Na sexta, eu passei pelo Zé, que trabalha numa portaria aqui perto de casa, e brinquei:
– Cuida, Zé, que o corona vai te pegar!
Ele desdenhou:
– Eu, o corona não me pega...
Parei. Finquei as mãos na cintura:
– Por quê?
– Porque eu como alho.
Ergui uma sobrancelha.
– Eu também como alho!
– Mas tem de ser cru.
Ah, pois é... Conheço essa fama do alho. Nos tempos amenos da gripe A, diziam até que o alho era melhor remédio do que o Tamiflu. Uma vez, entrei em um táxi e cometi o erro de sentar ao lado do motorista. Mal ele fechou a porta e um cheiro nauseabundo e quente me envolveu. Era um odor azedo, que descia do nariz e grudava na garganta. Olhei para o motorista:
– Me desculpa te dizer, mas o teu carro está com um cheiro estranho...
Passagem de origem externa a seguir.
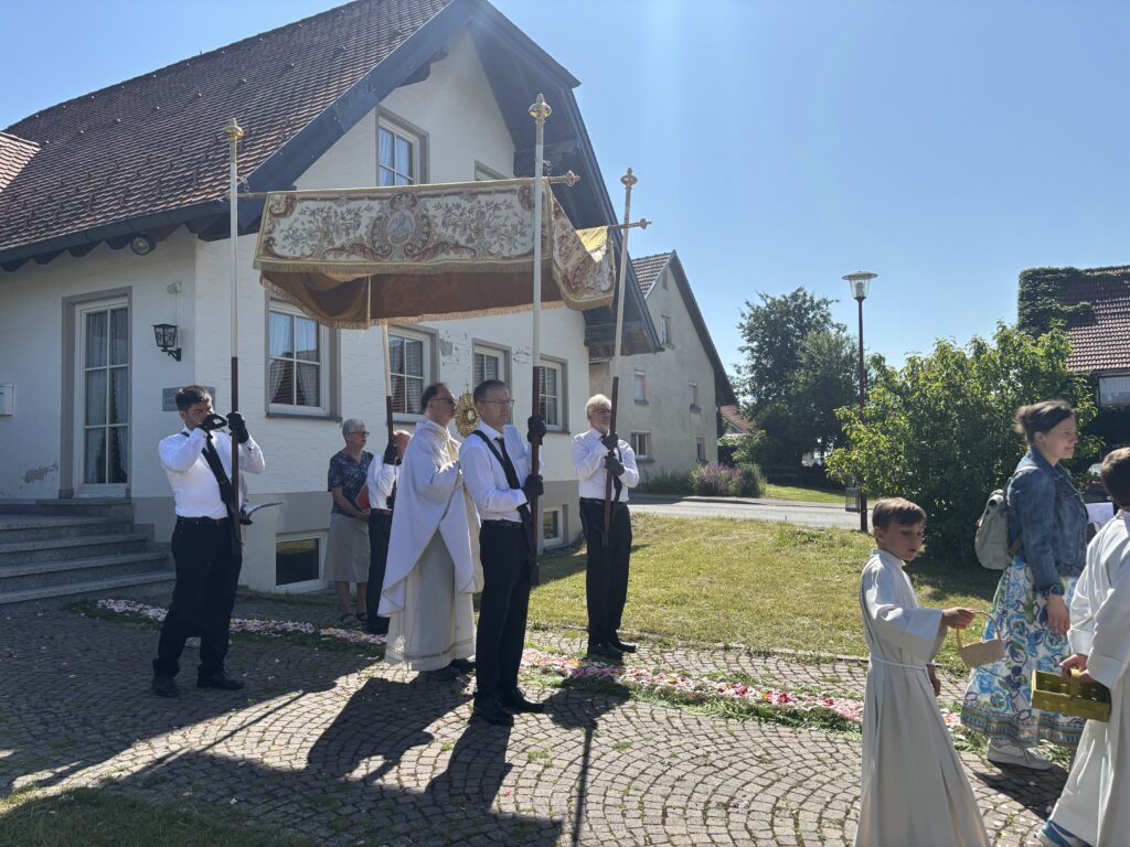 Der festliche Gottesdienst wurde von Pfarrer Gunnar Sohl zelebriert. Anschließend zog die Prozession bei schönem Wetter und großer Beteiligung durch die Ortschaft. Musikalisch begleitet wurde der Zug von der Musikkapelle Immenried. Neben zahlreichen Gläubigen nahmen auch die Fahnenabordnungen der Immenrieder Vereine teil: Der Musikverein, die Freiwillige Feuerwehr, die Krieger- und Soldatenkameradschaft, der Schützenverein sowie die Blutreitergruppe verliehen der Prozession einen feierlichen und ehrwürdigen Rahmen.

– Ah, não é o carro – respondeu ele, sem tirar os olhos do trânsito. – Sou eu.
– Hein?
– É que eu como alho – confessou, e então se virou na minha direção, abriu a boca e mostrou, sobre a língua vermelha, dois dentes de alho meio amarelecidos.
Aquela visão me deixou ainda mais mareado. Só não pedi para descer ali porque a corrida era curta.
– Por que tu faz isso? – perguntei.
– Assim eu nunca pego gripe!
– Mas será que não é melhor pegar gripe? – questionei, e ele ficou me encarando com o olhar vazio típico de um chupador de alho.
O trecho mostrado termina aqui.